No quid pro quo?

Methinks that someone is not telling the whole truth. I very much doubt that Mr Ahmadinejad is, but I also doubt the British Foreign Office is either.

The crisis ended after Mr Ahmadinejad said Britain had sent a letter to the Iranian Foreign Ministry pledging that it would not enter Iranian waters again. Britain continues to insist that the team was never in its territorial waters.

Although the Foreign Office would not discuss details of the diplomatic note it delivered over the weekend, Government sources said Britain was willing to prevent such confusion arising again over the sensitive maritime border between Iraq and Iran.

The Ministry of Defence says it has incontrovertible evidence that the eight sailors and seven Royal Marines were 1.7 nautical miles inside Iraqi waters when they were arrested during a search of an Indian vessel on March 23.

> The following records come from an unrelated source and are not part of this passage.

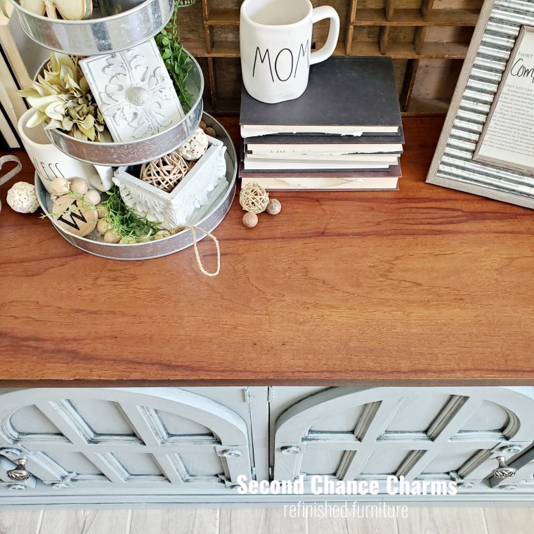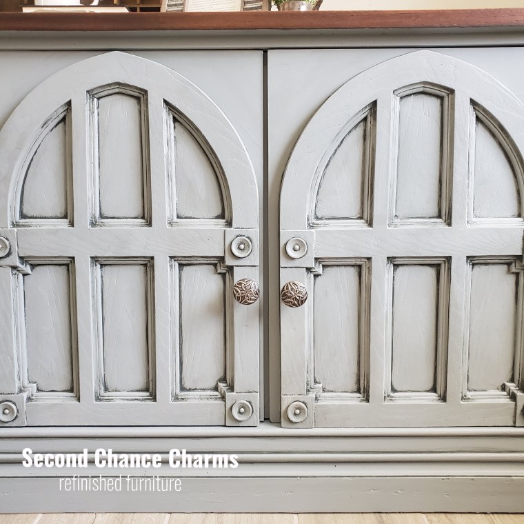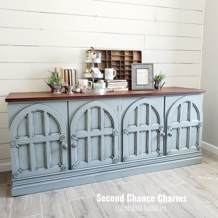 Where do I start with this one!? At my clients color consultation she shared with me the interior decorations that were on order for her living room. Shades of blues, greys and browns. From a new couch, pillow shams, rugs and more, I recommended using Sherwin-Williams Tin Lizzie, a soft grey with a blue huge. Glazed in a dark grey using Rock Bottom which also has a complement huge to Tin Lizzie. I picked up these Nickel Celtic knobs from Hobby Lobby that caught my clients eye. Staining the top in Minwax Special Walnut completes his look! Not only is this handsome fellow large but super heavy with 6 large drawers inside the four cathedral like doors. Totally in love with him!
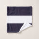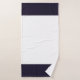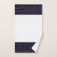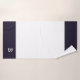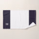 Marinho de toalha de banho azul. Branco com um monograma de texto de bloco branco em uma borda marinho azul e cinza.
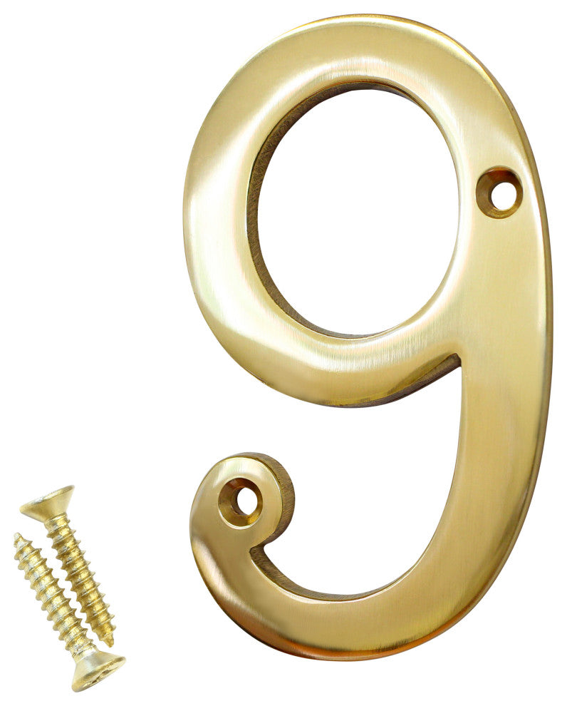 --------[Product Info]-------- • Solid Weatherproof Brass Material • [NEW] Includes rust-resistant screws--------[Variant Specs]--------4 Inch:>> Font Size (in): L:4, W:1.25-2.75, D:0.2>> Item Weight (lbs): 0.19•  Width varies depending on the letter/number--------[Item Uses]--------House NumberWedding NumberMailbox NumberAddress NumberCustom ClockWall RulerMetal Signage NumberPlaque NumberArchitectural Number--------[About]--------RCH Hardware Brass Modern Curvy House Number, 4-Inch, Various Finishes:This item is available in Polished Brass, Polished Chrome, Satin Chrome.
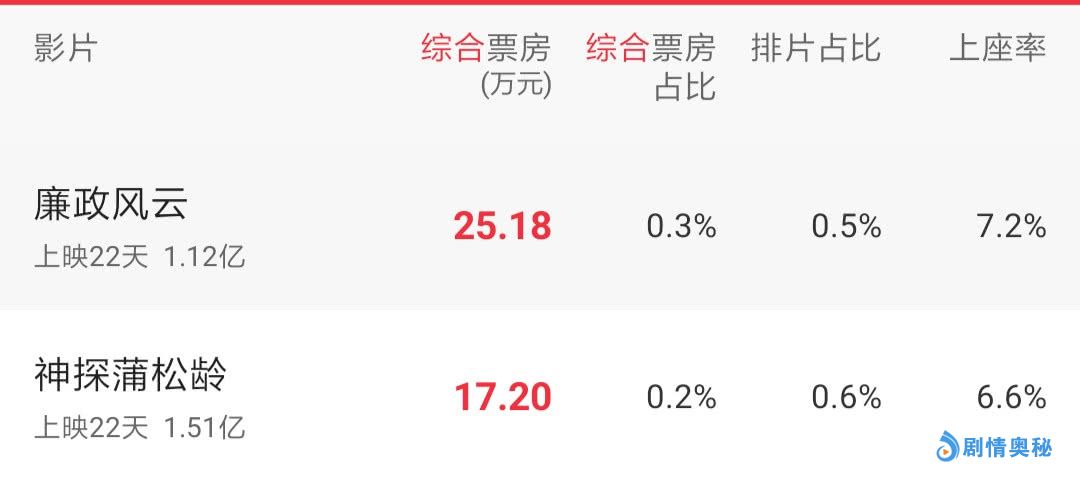 遭遇中外大片联合夹击,诸如《朝花夕誓》、《一吻定情》等新片表现乏力,更别提上映已久的“老片”,成龙主演的《神探蒲松龄》表现糟糕,至今票房仅1.5亿,张家辉新片《廉政风云》更让人失望!
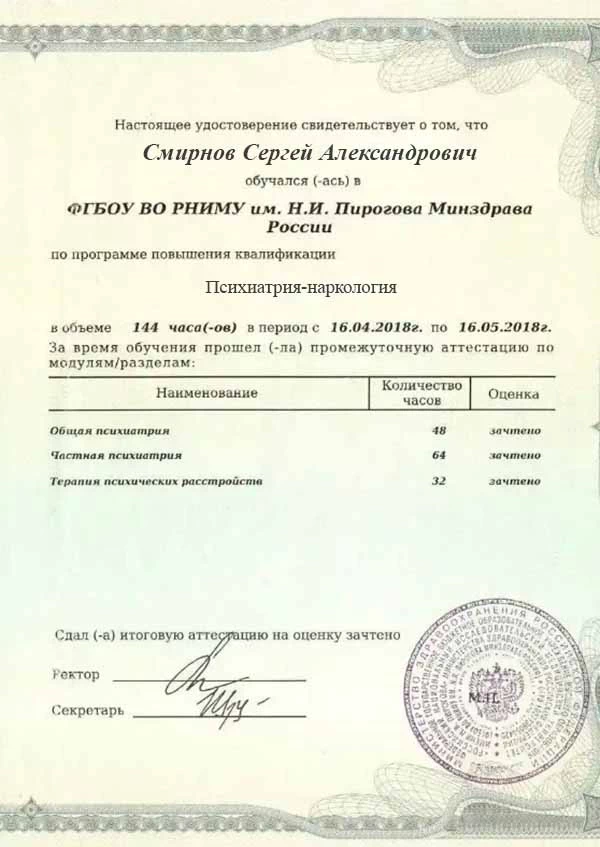 • 2018 г. — Сертификат специалиста: ФГБОУ ВО «РНИМУ имени Н.И. Пирогова» Минздрава России (психиатрия-наркология).
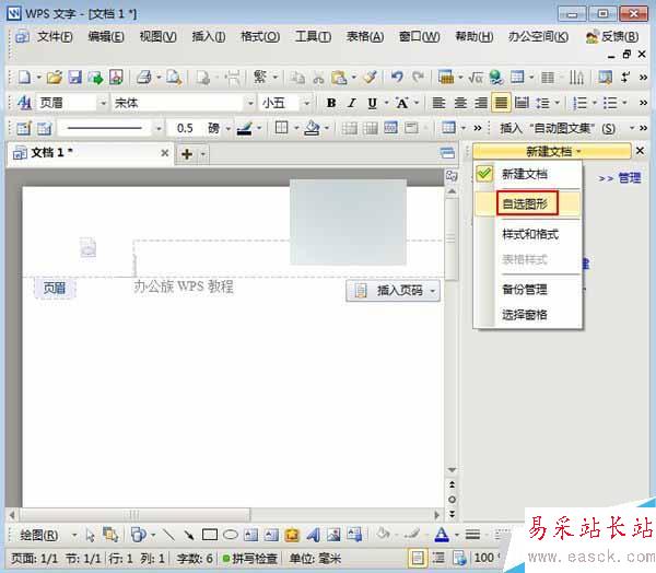 点击新建文档按钮,选择自选图形。
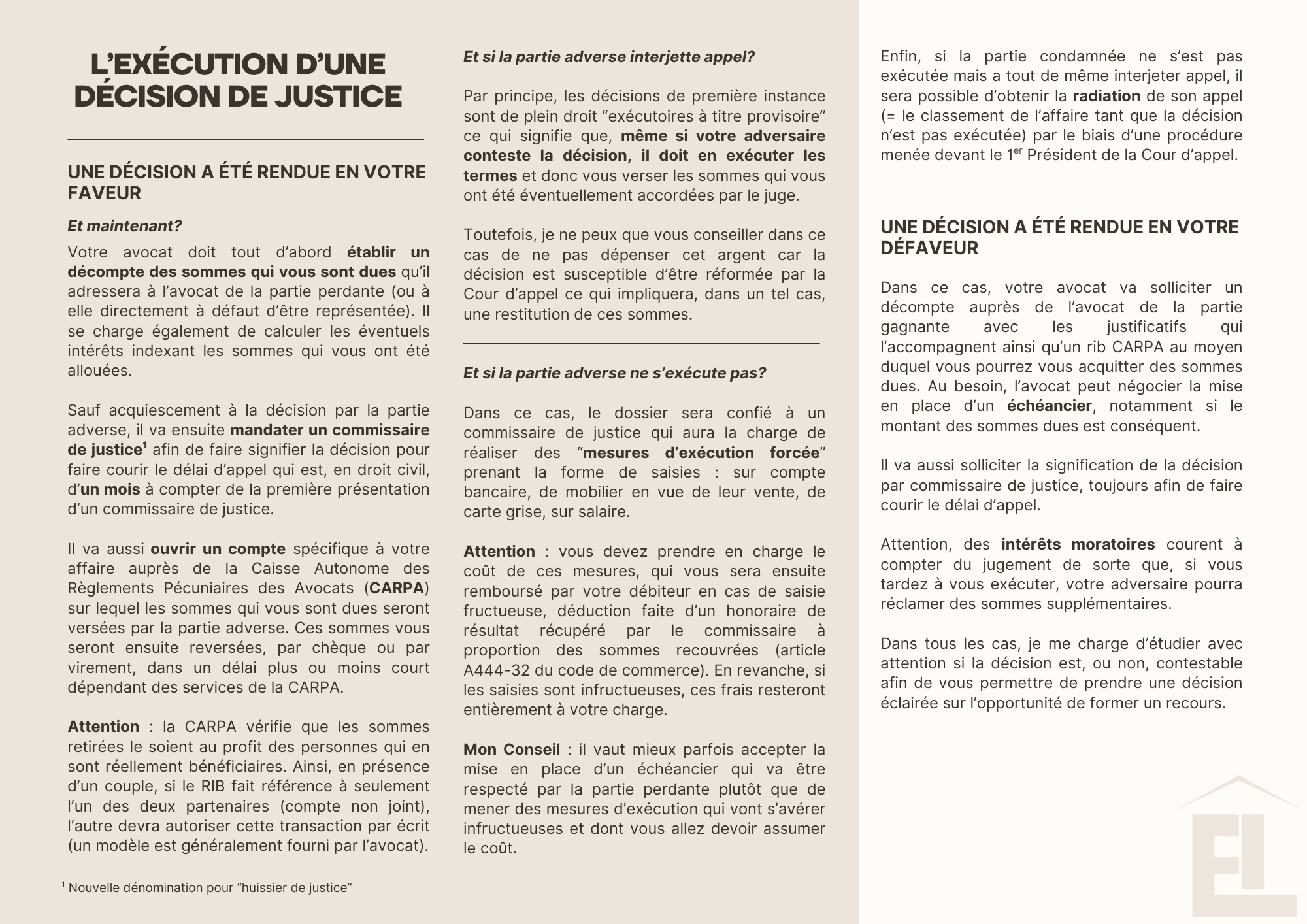 BROCHURE « L‘EXÉCUTION D’UNE DÉCISION DE JUSTICE »
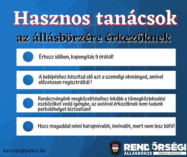 Információk a 2023. február 9-én 10-14 óra között tartandó ORFK állásbörzéről:
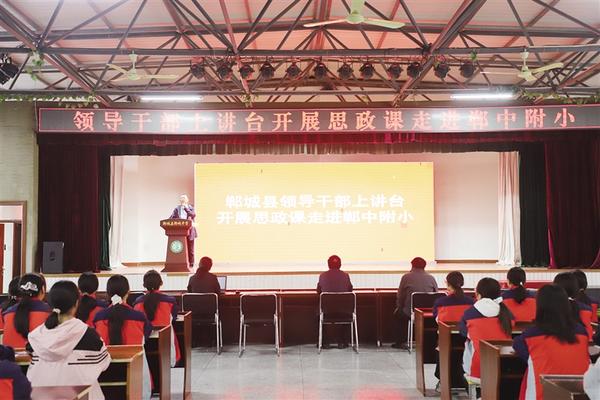 郸城县人民法院党组书记、院长张建援(台上)在郸城中学附属小学讲授思政课。

However, the Iranians have won a significant propaganda and political coup, according to John Bolton, the Right-wing former US Ambassador to the United Nations. They had conducted an experiment that was “a low-cost way of testing British resolve”, he said….

Despite the official denials of a deal, there were indications of intense diplomatic activity to persuade Teheran to release the hostages.

Iran’s official IRNA news agency reported yesterday that an Iranian representative was to meet five of his countrymen detained in Iraq by US forces in January. It follows the release on Tuesday of Jalal Sharafi, an Iranian diplomat who was captured by gunmen in Baghdad in February.

I’m sure that the one release following the other was just a happy coincidence. If my theory is correct, the five other detained Iranians will be quietly released within a month or so, once the press interest fades.